International human rights standards establish the right of everyone to participate in peaceful demonstrations, the experts said. Any restriction to the freedoms of peaceful assembly and expression must be provided by the law and be necessary and proportional.
“The restrictions imposed lately by the Cameroonian authorities on the rights to peaceful assembly and expression appear to ignore such criteria, provided for by the international instruments to which Cameroon is a party,” they said. In particular, the experts underline that the country’s 2014 anti-terrorism law should not be used to curtail peaceful assembly, marches or demonstrations organised by political parties during an electoral process. Under this law, police custody can be extended from 48 hours to 15 days, and jurisdiction transferred to military courts.
Independent experts appointed by the Human Rights Council have previously expressed concerns to the authorities of Cameroon that a broad definition of terrorism, such as “disruption of the normal functioning of public services", could be misused to ban peaceful assembly.
These worries had still not been addressed, the experts said. The authorities should respect the national legal framework for demonstrations, which requires organisers to notify local authorities seven days prior to a demonstration.
The experts acknowledged as a positive step thedropping of charges against 52 militants of the Mouvement de la Renaissance du Cameroun on 4 December, at the request of the Attorney General at the Littoral Court of Appeal, under the instructions of the Minister of Justice.
“The allegations received last month seem to indicate the establishment of a repressive climate towards civil society, political parties, and people critical of the outcome of the elections, whether it concerns their right to express their views or to manifest freely,” the experts said.
The experts repeated their calls for a review of the 2014 antiterrorism law to ensure it is not used to restrict fundamental freedoms, such as the rights to freedom of expression, peaceful assembly and association. They also urged the Government to ensure a wider democratic space is guaranteed before, during and after the forthcoming legislative and municipal elections scheduled in 2019.

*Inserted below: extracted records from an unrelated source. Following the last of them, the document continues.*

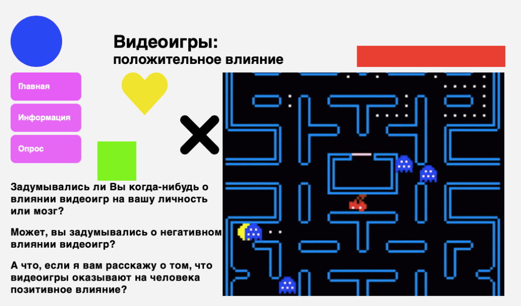 Вы когда-нибудь задумывались о пользе видеоигр? Думаете, что они ничего хорошего не несут? Спорим, что мы сумеем доказать обратное? Точнее не мы, а Катя Иванова из 9 «В» класса. Она создала свой сайт с уникальным дизайном, который разработала сама. На сайте вы можете прочитать информацию о том, как развивалась игровая индустрия. И, разумеется, сможете получить ответ на главный вопрос, который мы тут затронули: видеоигры полезны или вредны?
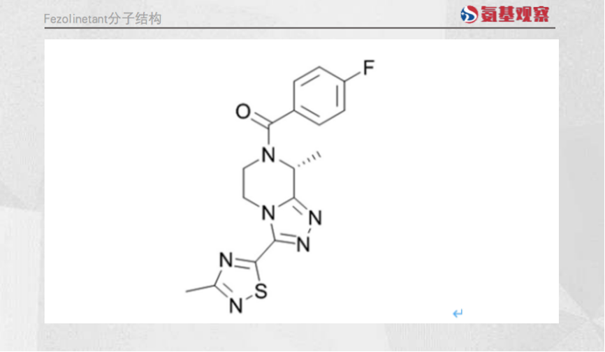 Fezolinetant是一款口服、選擇性神經(jīng)激肽3(NK3)受體拮抗劑,通過(guò)阻斷神經(jīng)激肽3(NK3)與Kisspeptin/神經(jīng)激肽/強(qiáng)啡肽(KNDy)神經(jīng)元的結(jié)合,調(diào)節(jié)大腦體溫調(diào)節(jié)中樞(下丘腦)的神經(jīng)元活動(dòng),以降低絕經(jīng)相關(guān)中重度VMS的頻率和嚴(yán)重程度。
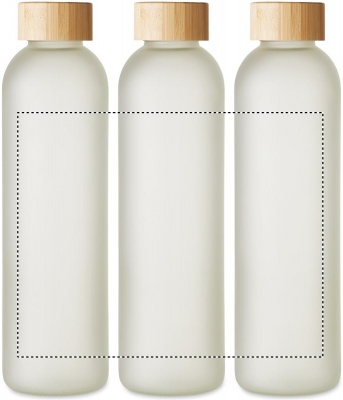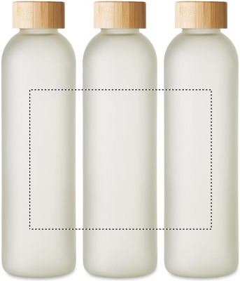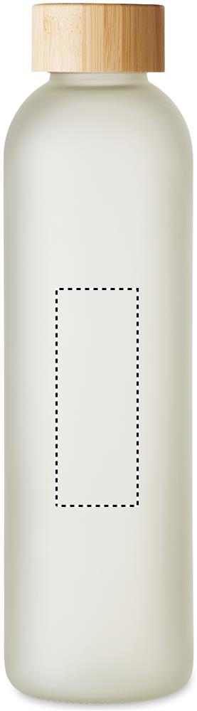 Glass bottle with special coating for sublimation and bamboo lid. Capacity: 650 ml. Bamboo is a natural product, there may be slight variations in colour and size per item, which can affect the final decoration outcome.
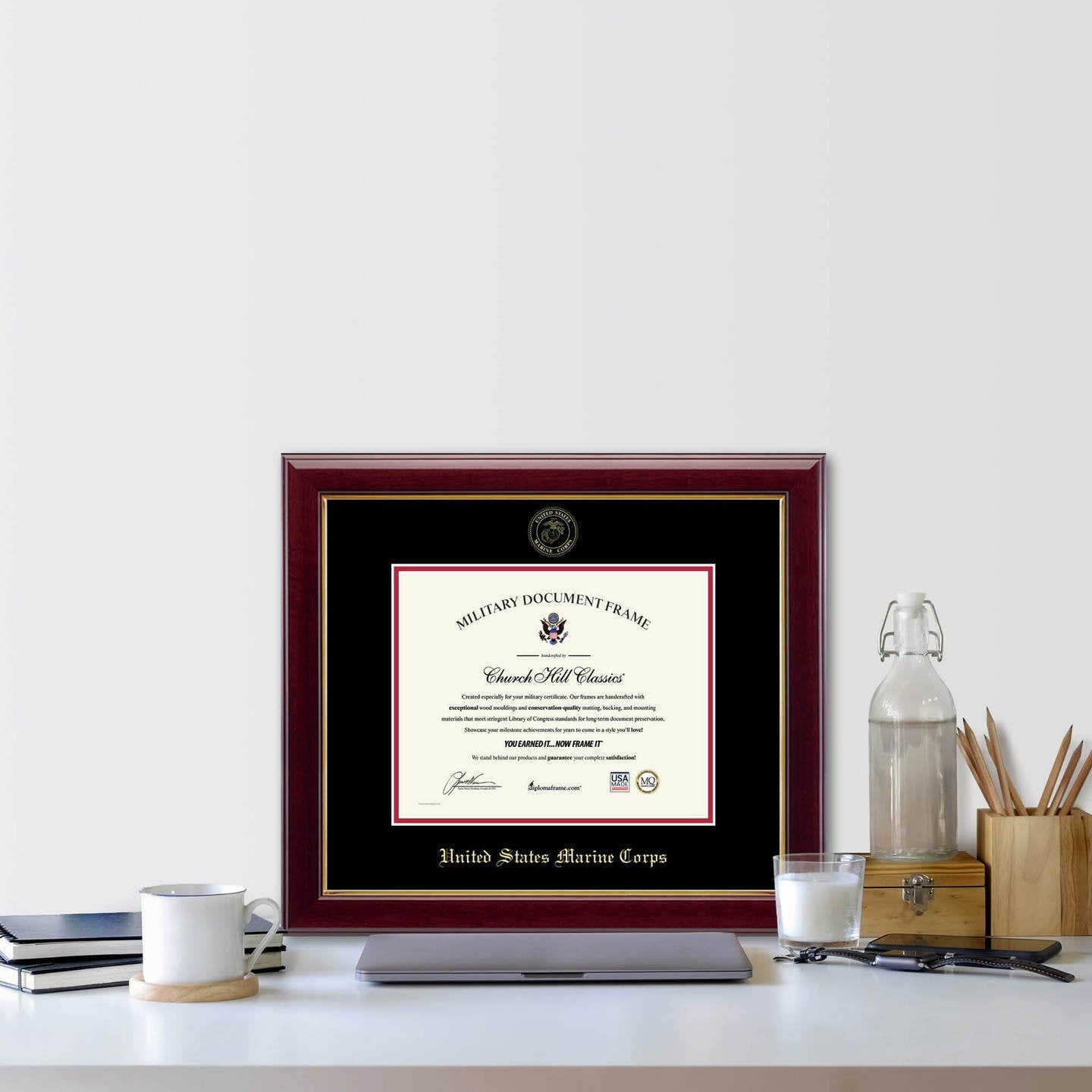 Features the United States Marine Corps name and official seal gold embossed on black and gold museum-quality matting. Framed in gallery molding crafted of solid hardwood with a high-gloss cherry transverse grain and a gold lip, this certificate holder is sure to beautifully show off your certificates!
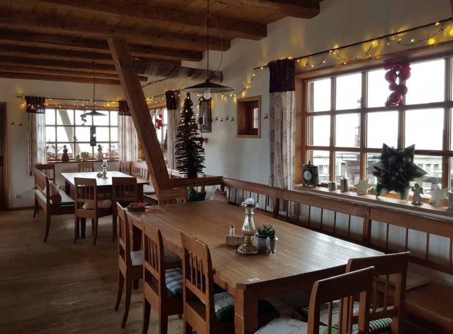 Unser Anbau in Altholzstil hat schon so manche Party bis in die Morgenstunden erlebt. An den Fensterplätzen ist eine kilometerweite Fernsicht möglich.
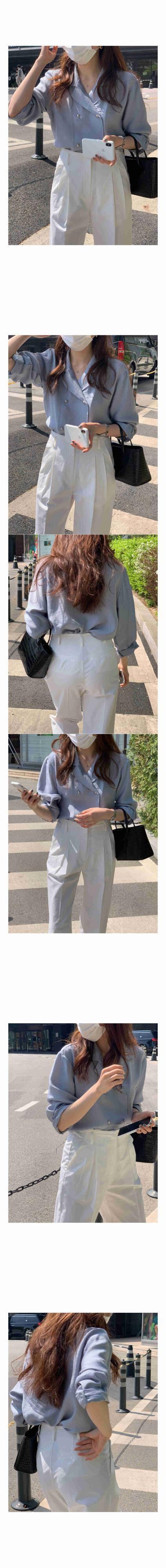 [EWQ] ダブルブレストルーズシャツ長袖無地トップ春秋ブラウストップス 7219 ロング スプリング 春物 オータム 秋物 ソリッドカラー
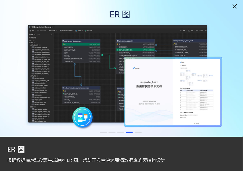 SQLark 提供了对多种数据库的连接支持,实现跨平台数据库管理的无缝切换;通过直观的可视化界面,轻松实现对模式、表、视图、物化视图、函数、存储过程、触发器、包等多种对象类型的增删改查。SQLark 内置的 SQL 编辑器,基于语法解析,集成智能提示、实时语法检查及语法高亮等功能,提升编写 SQL 语句的效率与准确性;其直观的数据查看与编辑器,使用户能够直观地浏览数据内容并进行即时编辑。此外,SQLark 还集成了数据生成、数据迁移及 ER 图生成等特色功能,助力开发人员更加高效、安全地完成数据管理任务。
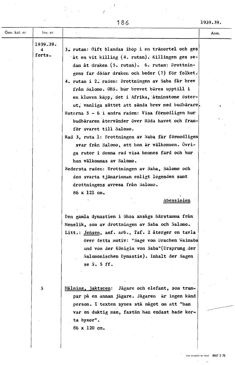 186 1939.39. 1939.39:, 4 3., rutan: Gift blandas ihop i en trämortel och ges forts., åt en vit killing (4: rutan): Killingen ges se- dan åt draken (5: rutan).. 6: rutan: Drottnin- gens far dödar draken och beder (?) för folket; 4. rutan i 2.. raden: Drottningen av Saba får brev från Salomo. OBS. hår brevet bäres upptill i en klåven.käpp, det i'Afrikai'åtminatone öster- ut; vanliga sättet att sända brev med budbärare .Rutorna 5 - 6 i andra raden: Visa förmodligen hur_ budbärarenåtervänder över Röda havet och fram- för svaret till Salomo. Rad 3,. ruta 1: Drottningen av Saba får förmodligen svar från Salomo, att hon är välkommen. Övri- ga rutor i denna rad visa hennes färd och hur hon välkomnas av Salm°. Nedersta raden: Drottningen av Saba, Salomo och den svarta tjänarinnan enligt legenden samt drottningens avresa från Salomo. 86 x 121 cm. Abessinien Den gamla dynastien i Shoa ansågs härstamma från Menelik, son av drottningen av Saba och Salomo. Litt.: Jensen, anf. arb., Taf. 2 återger en tavla över detta motiv: "Sage vom Drachen Wainab und von der Königin von Saba"(Ursprång der Salomonischen Dynastie). Inhalt der Sagen se S. 5 ff. Målning, jaktscen: Jägare och elefant, som tram, par på en annan jägare. Jägaren är ingen känd person.•I texten synes stå något om att "han var en duktig man, fastän han endast hade kor, ta byxor". 86 x 120 cm. [ocr]
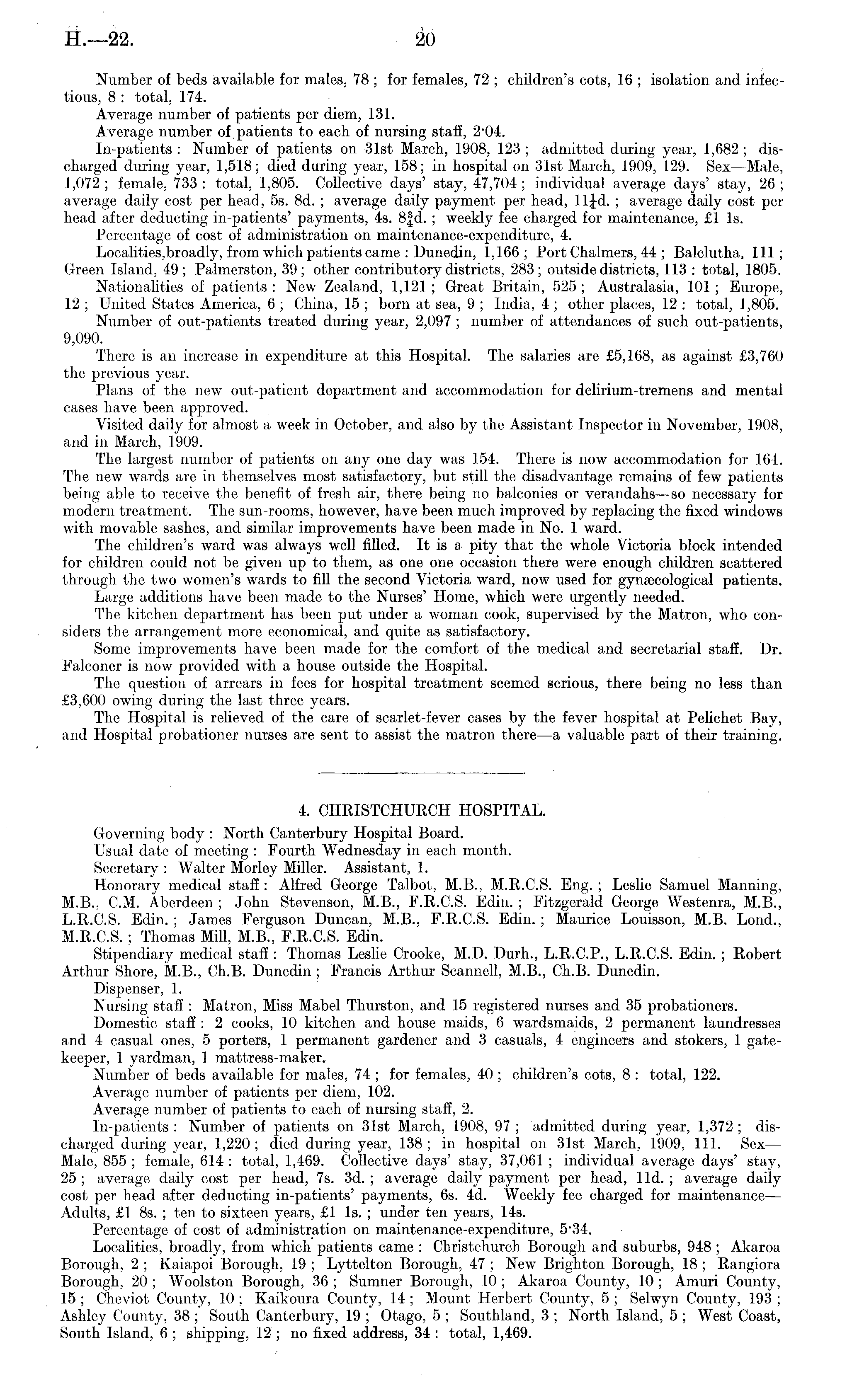Number of beds available for males, 78 ; for females, 72 ; children's cots, 16 ; isolation and infectious, 8 : total, 174. Average number of patients per diem, 131. Average number of patients to each of nursing staff, 204. In-patients : Number of patients on 31st March, 1908, 123 ; admitted during year, 1,682 ; discharged during year, 1,518; died during year, 158; in hospital on 31st March, 1909, 129. Sex —Male, 1,072 ; female, 733 : total, 1,805. Collective days' stay, 47,704 ; individual average days' stay, 26 ; average daily cost per head, ss. Bd. ; average daily payment per head, llj-d. ; average daily cost per head after deducting in-patients' payments, 4s. B|d. ; weekly fee charged for maintenance, £1 Is. Percentage of cost of administration on maintenance-expenditure, 4. Localities,broadly, from which patients came : Dunedin, 1,166; Port Chalmers, 44 ; Balclutha, 111; Green Island, 49; Palmerston, 39; other contributory districts, 283; outside districts, 113 : total, 1805. Nationalities of patients : New Zealand, 1,121 ; Great Britain, 525 ; Australasia, 101 ; Europe, 12 ; United States America, 6 ; China, 15 ; born at sea, 9 ; India, 4 ; other places, 12 : total, 1,805. Number of out-patients treated during year, 2,097 ; number of attendances of such out-patients, 9,090. There is an increase in expenditure at this Hospital. The salaries are £5,168, as against £3,760 the previous year. Plans of the new out-patient department and accommodation for delirium-tremens and mental cases have been approved. Visited daily for almost a week in October, and also by the Assistant Inspector in November, 1908, and in March, 1909. The largest number of patients on any one day was 154. There is now accommodation for 164. The new wards are in themselves most satisfactory, but still the disadvantage remains of few patients being able to receive the benefit of fresh air, there being no balconies or verandahs—so necessary for modern treatment. The sun-rooms, however, have been much improved by replacing the fixed windows with movable sashes, and similar improvements have been made in No. 1 ward. The children's ward was always well filled. It is a pity that the whole Victoria block intended for children could not be given up to them, as one one occasion there were enough children scattered through the two women's wards to fill the second Victoria ward, now used for gynaecological patients. Large additions have been made to the Nurses' Home, which were urgently needed. The kitchen department has been put under a woman cook, supervised by the Matron, who considers the arrangement more economical, and quite as satisfactory. Some improvements have been made for the comfort of the medical and secretarial staff. Dr. Falconer is now provided with a house outside the Hospital. The question of arrears in fees for hospital treatment seemed serious, there being no less than £3,600 owing during the last three years. The Hospital is relieved of the care of scarlet-fever cases by the fever hospital at Pelichet Bay, and Hospital probationer nurses are sent to assist the matron there—a valuable part of their training. 4. CHRISTCHURCH HOSPITAL. Governing body : North Canterbury Hospital Board. Usual date of meeting : Fourth Wednesday in each month. Secretary : Walter Morley Miller. Assistant, 1. Honorary medical staff : Alfred George Talbot, M.8., M.R.C.S. Eng. ; Leslie Samuel Manning, M.8., CM. Aberdeen ; John Stevenson, M.8., F.R.C.S. Edin. ; Fitzgerald George Westenra, M.8., L.R.CS. Edin. ; James Ferguson Duncan, M.8., F.R.C.S. Edin. ; Maurice Louisson, M.B. Lond., M.R.C.S. ; Thomas Mill, M.8., F.R.C.S. Edin. Stipendiary medical staff : Thomas Leslie Crooke, M.D. Durh., L.R.C.P., L.R.CS. Edin. ; Robert Arthur Shore, M.8., Ch.B. Dunedin ; Francis Arthur Scannell, M.8., Ch.B. Dunedin. Dispenser, 1. Nursing staff : Matron, Miss Mabel Thurston, and 15 registered nurses and 35 probationers. Domestic staff : 2 cooks, 10 kitchen and house maids, 6 wardsmaids, 2 permanent laundresses and 4 casual ones, 5 porters, 1 permanent gardener and 3 casuals, 4 engineers and stokers, 1 gatekeeper, 1 yardman, 1 mattress-maker. Number of beds available for males, 74 ; for females, 40 ; children's cots, 8 : total, 122. Average number of patients per diem, 102. Average number of patients to each of nursing staff, 2. In-patients : Number of patients on 31st March, 1908, 97 ; admitted during year, 1,372 ; discharged during year, 1,220 ; died during year, 138 ;in hospital on 31st March, 1909, 111. Sex— Male, 855 ; female, 614 : total, 1,469. Collective days' stay, 37,061 ; individual average days' stay, 25 ; average daily cost per head, 7s. 3d. ; average daily payment per head, lid. ; average daily cost per head after deducting in-patients' payments, 6s. 4d. Weekly fee charged for maintenance— Adults, £1 Bs. ; ten to sixteen years, £1 Is. ; under ten years, 14s. Percentage of cost of administration on maintenance-expenditure, 534. Localities, broadly, from which patients came : Christchurch Borough and suburbs, 948 ; Akaroa Borough, 2 ; Kaiapoi Borough, 19 ; Lyttelton Borough, 47 ; New Brighton Borough, 18 ; Rangiora Borough, 20 ; Woolston Borough, 36 ; Sumner Borough, 10 ; Akaroa County, 10 ; Amuri County, 15 ; Cheviot County, 10 ; Kaikoura County, 14 ; Mount Herbert County, 5 ; Selwyn County, 193 ; Ashley County, 38 ; South Canterbury, 19 ; Otago, 5 ; Southland, 3 ; North Island, 5 ; West Coast, South Island, 6 ; shipping, 12 ; no fixed address, 34 : total, 1,469.
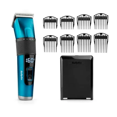 Precise wireless hair trimmer for exact cuts at any hair length, can also be used with cable High quality precision blades made of Japanese stainless steel for effortless and precise haircuts Powerful lithium-ion battery allows up to 160 minutes of wireless operation time Digital LED display clearly shows cutting length, battery status and locking mode Choose from 45 different cutting lengths with 8 comb attachments and easily set 5 digital cutting lengths with the rotary wheel
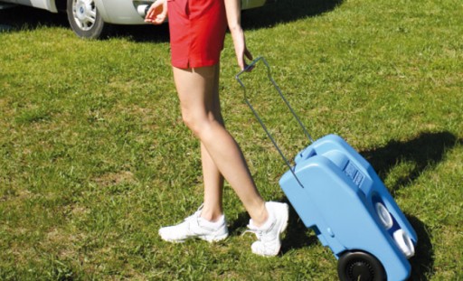 Przenośny 40-litrowy zbiornik na ścieki z wygodnym uchwytem i dwoma dużymi kółkami, które ułatwiają transport nawet na żwirze. Zbiornik jest wyposażony we wskaźnik poziomu i zawór odpowietrzający. W zestawie adapter kątowy 45° do rozładowania.
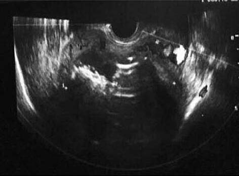 Рис. 1. Трансвагинальное УЗИ органов малого таза на момент поступления пациентки в стационар (по задней стенке визуализируется образование, расположенное интерстициально-субмукозно, неоднородной структуры).
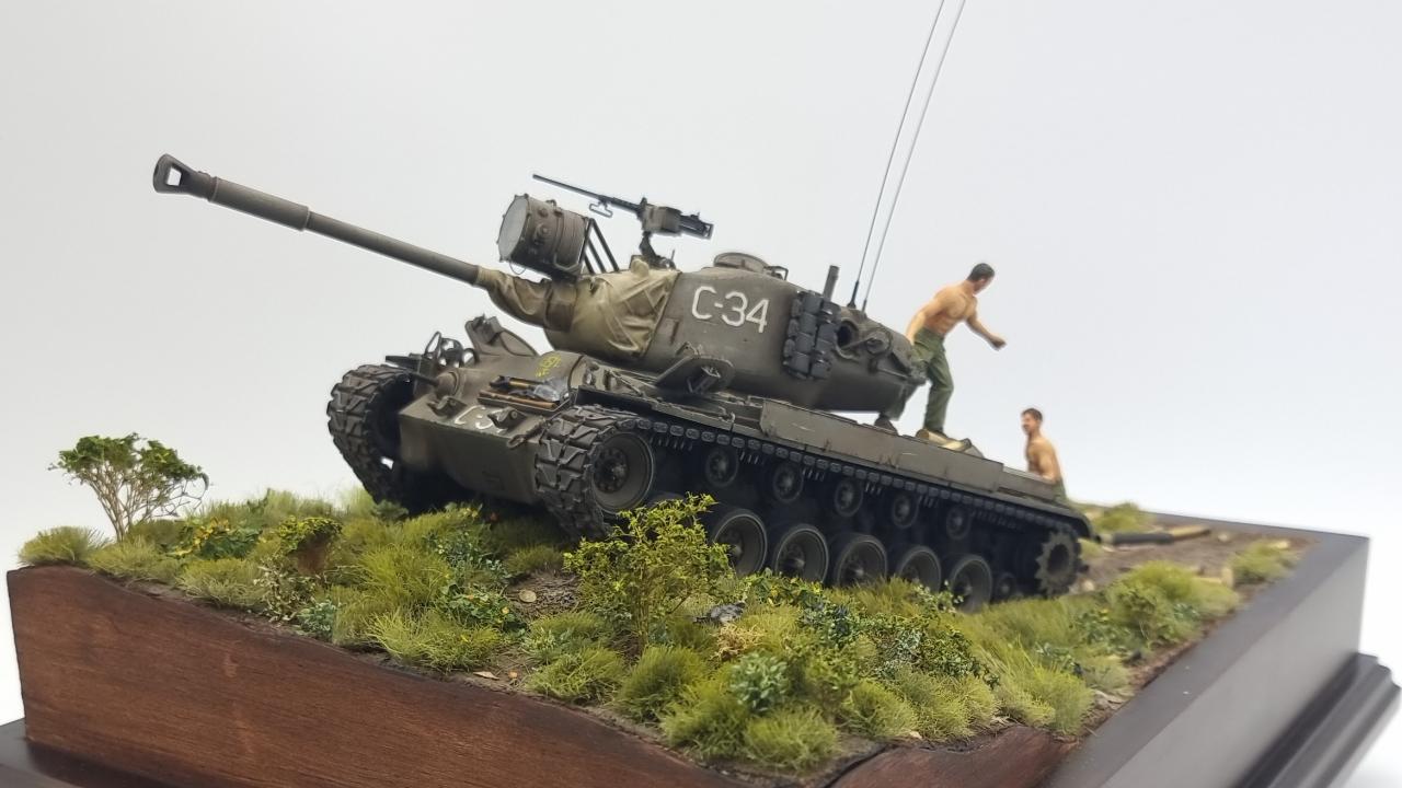 타콤 M46 제품을 사용했고 MJ미니어쳐 별매품을 적용해서 완성하였습니다. 기관총은 폰토스 별매품을 사용했습니다. 인형은 이대영선생님 원형의 하비팬 제품을 사용했고 하나는 머리만 교체해 주었습니다. 탄피는 AFV클럽의 별매품이고 탄통은 비슷하게 자작해보았습니다. 고지전 당시 곡사포로 쓰였던 M46전차와 탄피가 수북히 쌓여있는 모습을 만들어 봤습니다만. 분위기가 한국전쟁 자료사진의 일반적인 느낌과는 다른것 같아 아쉬움이 남습니다. ^^

The Special Rapporteurs and Independent Experts are part of what is known as the Special Procedures of the Human Rights Council. Special Procedures, the largest body of independent experts in the UN Human Rights system, is the general name of the Council’s independent fact-finding and monitoring mechanisms that address either specific country situations or thematic issues in all parts of the world. Special Procedures experts work on a voluntary basis; they are not UN staff and do not receive a salary for their work. They are independent from any government or organization and serve in their individual capacity.